# IRC table R301.2(1)



## peach

Does any jurisdiction ACTUALLY fill out this design criteria table?

the maps are so hard to read, and if you read the footnotes to the Table, they pretty much all say "the jurisdiction shall fill in this part".

Just wondering if you've seen the table filled in.


----------



## Uncle Bob

Re: IRC table R301.2(1)

In Texas, we did.  By the way; there are some changes to Table R301.2(1); and if adopting the 2009 IRC they should be noted.

In Oklahoma however, I'm finding code adoption in many jurisdictions isn't taken very seriously and/or without good legal advise; for example;

"5-301: BUILDING CODE ADOPTED:

A certain document, at least one copy of which is on file at the office of the city clerk, being marked and designated as "international building code", the latest edition thereof, and any revisions or amendments thereto, is hereto adopted as the building code of the city for the control of buildings and structures therein provided. Each and all of the regulations, provisions, penalties, conditions and terms of the international building code are hereby referred to, adopted and made a part hereof, as if fully set out in this code, with additions, insertions and changes, if any, prescribed in this chapter." (no additions, insertions and changes listed)

(Several Oklahoma municipalities have similar adoptions.)

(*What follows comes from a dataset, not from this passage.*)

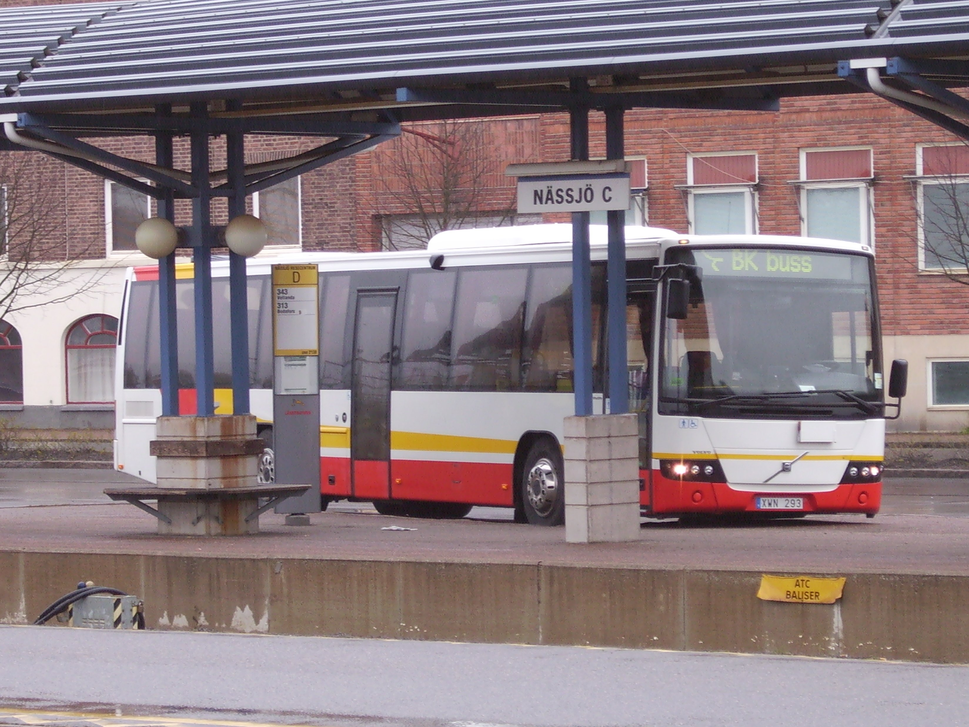 Photo by Harri Blomberg.

If you don't see a problem here; you might want to rethink the adoption of your AHJ's codes; and get some good legal advise.

Uncle Bob


----------



## TJacobs

Re: IRC table R301.2(1)

Yes we did, under all previous adoptions (we have that down at least)...


----------



## syarn

Re: IRC table R301.2(1)

nj has filled it out for 2006.

http://ecodes.biz/ecodes_support/free_r ... apter3.pdf


----------



## texas transplant

Re: IRC table R301.2(1)

We filled it out just so it was at finger tip and could be easily forwarded to dp's.


----------



## Mule

Re: IRC table R301.2(1)Yep, and occasionally I teach classes and include this in my presentation.

View attachment 79


View attachment 79


/monthly_2010_06/572953b575877_ClimateTable.jpg.bed9276d83b4df40fc7bb573c0b728f4.jpg


----------



## globe trekker

Re: IRC table R301.2(1)

Yes, we did actually fill it out when we adopted the 2006 codes.     It helps us more clearly

define the area weather,  soils,  potential pest infestation and other norms.

IMO, it is a good thing to have identified and adopted in each jurisdiction.


----------



## cboboggs

Re: IRC table R301.2(1)

We fill it out as well.


----------



## steveray

Re: IRC table R301.2(1)

We have it in our CT amendments!


----------



## Mango

Re: IRC table R301.2(1)

Tables?????? we don't need no stinking tables!   

Evidently we did not fill it in when we adopted the 2000 IRC (yes, thats right..2000). It would have been a good idea though to have it for reference.

Mango


----------



## Heaven

Re: IRC table R301.2(1)

Thanks for the nudge, I filled it in today and now I will distribute the whole chart when someone asks me for one element.


----------



## peesncues

Re: IRC table R301.2(1)

Filled it in and included it as an amendment to the resolution when we adopted the code.


----------



## fatboy

Re: IRC table R301.2(1)

Provided the same info in a chart (just looks a little different) for both the 2006 and the 2009. Have it posted on our website as a separate PDF, and distributed around the office so anyone can answer design Q's.


----------